За окном потянулись частные дома Куросовщины. В мае сорок первого здесь, как и во всех пригородах Минска, особенно сильно цвела сирень. Бело-розовые и фиолетовые гроздья расцвели как-то необычайно густо. На Сторожовке горожане ломали мокрую от утренней росы сирень в вазочки, перенося запах весны в свои квартиры, но ее все равно было очень много. Парень попытался вспомнить какую-нибудь картинку из того тихого, довоенного Минска и сразу увидел пыльную зелень, девушку в платье с короткими рукавами, и даже услышал патефонные звуки танго из открытого окна. Где-то в глубине двора приглушенно кричали играющие дети. Пахла сирень.

Тихий июньский вечер, который вспомнил Саша, был последним вечером перед открытием Комсомольского озера. Завтра утром, на рассвете начиналась война. И люди, которых он вспоминал так же ясно, как наяву, еще не знали, что очень скоро им предстоит мучиться и умирать….

Поезд дернулся и остановился возле вокзала.

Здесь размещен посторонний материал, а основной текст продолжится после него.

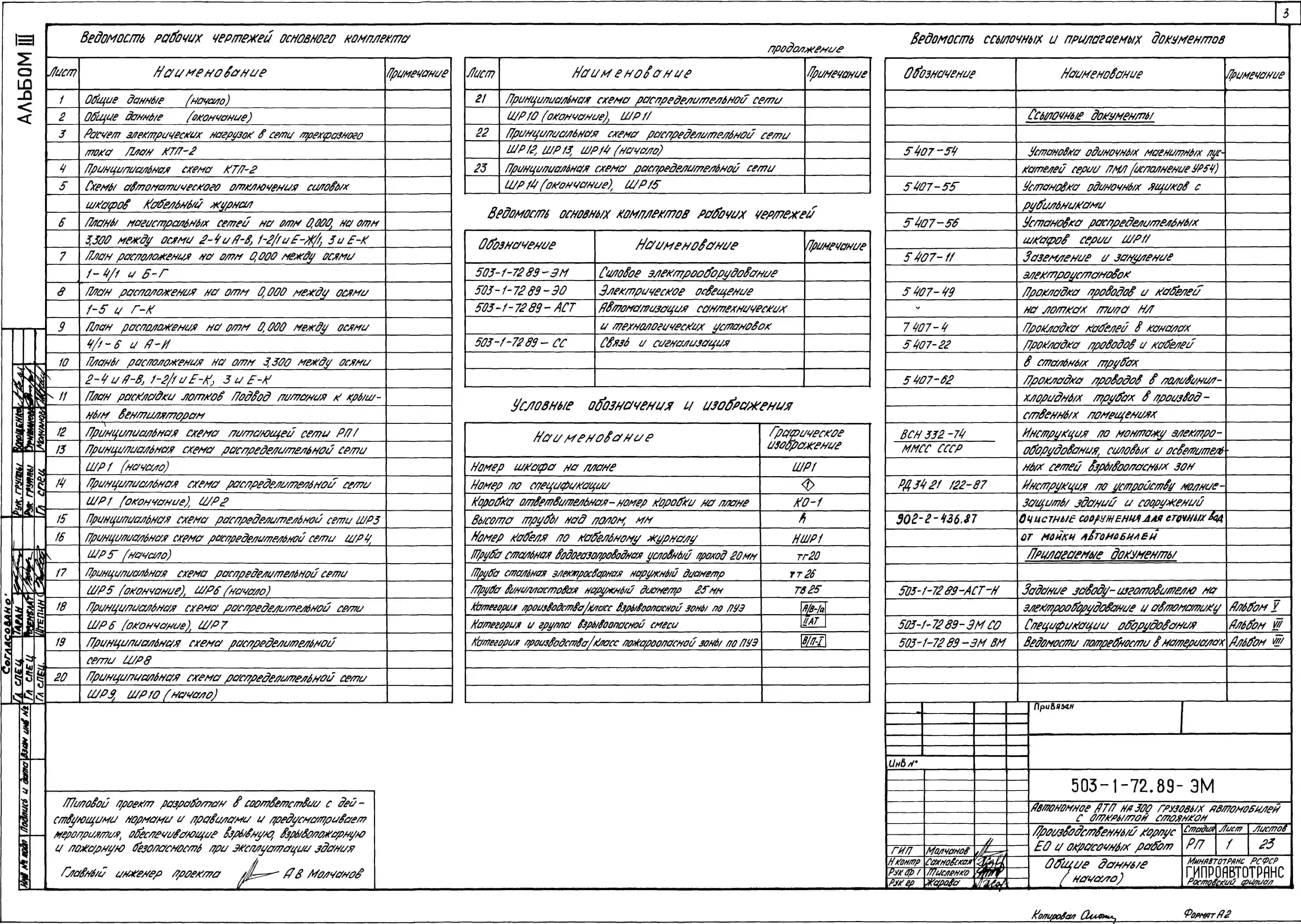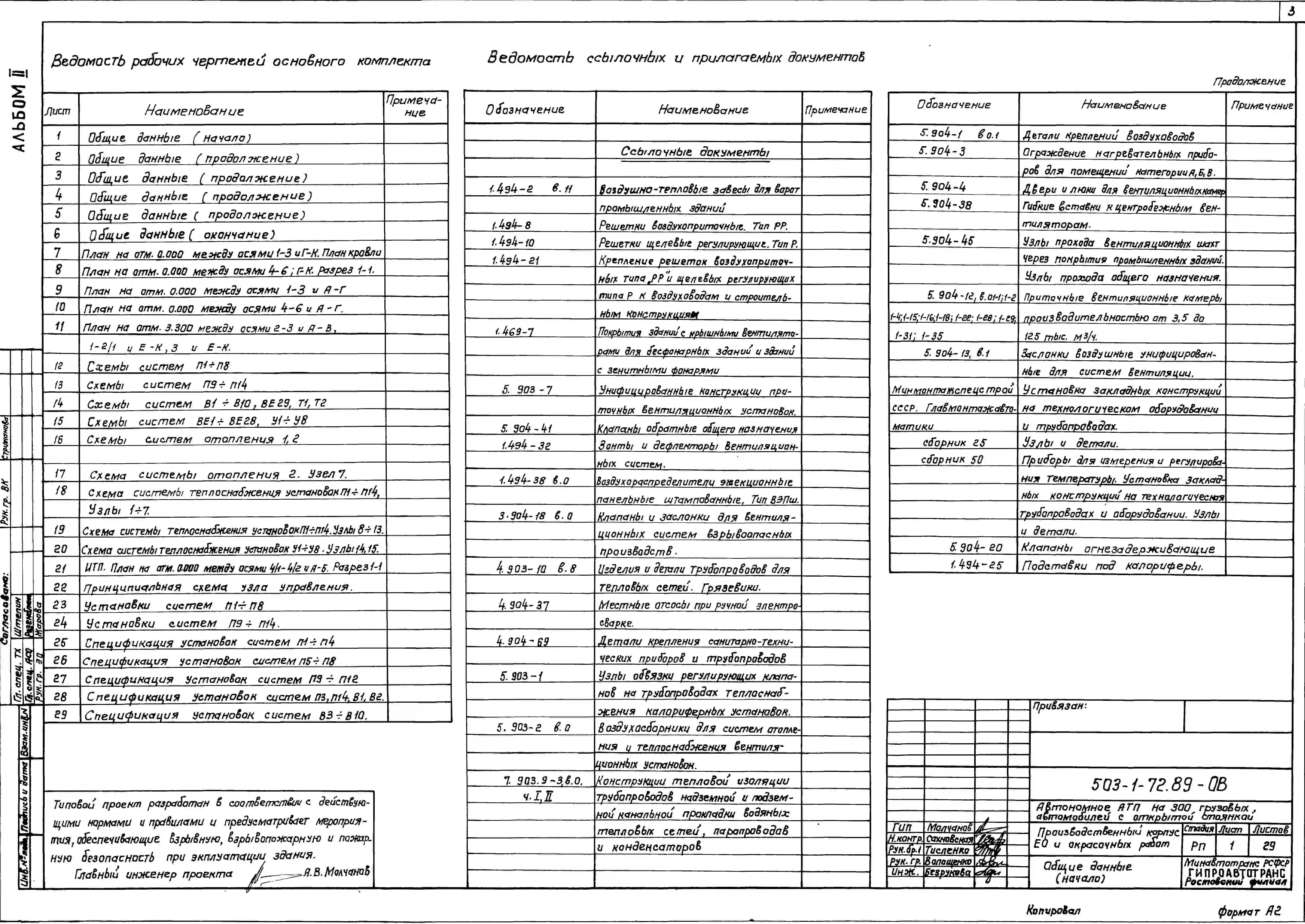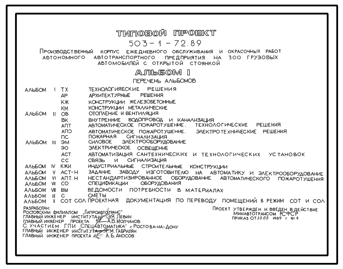 Типовой проект 503-1-72.89 Производственный корпус ежедневного обслуживания и окрасочных работ автономного автотранспортного предприятия на 300 грузовых автомобилей с открытой стоянкой

— Простите, что живой, — уже про себя повторил Александр и, надев кепку, пошел к выходу.

Военнопленным Шталага номер триста пятьдесят два: солдатам, офицерам и гражданским, а так же всем военнопленным в годы Великой Отечественной войны посвящается.

ЧАСТЬ ПЕРВАЯ

I

Теплым летним вечером, 21 июня сорок первого года, в городе Минске. Три месяца добровольцы по призыву газеты «Советская Белоруссия» копали огромный котлован, чтобы уберечь от весенних разливов Свислочи любимый всеми парк и Пулиховскую слободу. За два дня до открытия в котлован пустили воду. Место под искусственный водоем выбрали самое живописное, озеро разлилось прямо посреди старинного парка, среди каштанов и лип. Повсюду зеленела свежая листва. Огромные глиняные кучи вывезли, на берегу поставили кабинки для купальщиков, а разлившаяся вода водоема отсвечивала лучами заходящего солнца так привычно, что, казалось, озеро находится здесь с самого сотворения мира.

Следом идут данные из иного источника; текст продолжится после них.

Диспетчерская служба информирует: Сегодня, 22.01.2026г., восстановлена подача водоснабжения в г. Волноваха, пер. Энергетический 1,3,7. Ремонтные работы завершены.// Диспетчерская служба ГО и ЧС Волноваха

По замыслу городских властей атмосферу праздника должны были создать плавающие по озеру лодки, на каждой из которых сидел баянист. Как только духовой оркестр умолкал, лодки поворачивали к берегу и над водой разносились звуки вальсов. Гуляющие по парку горожане с удовольствием наблюдали за последними приготовлениями к празднику.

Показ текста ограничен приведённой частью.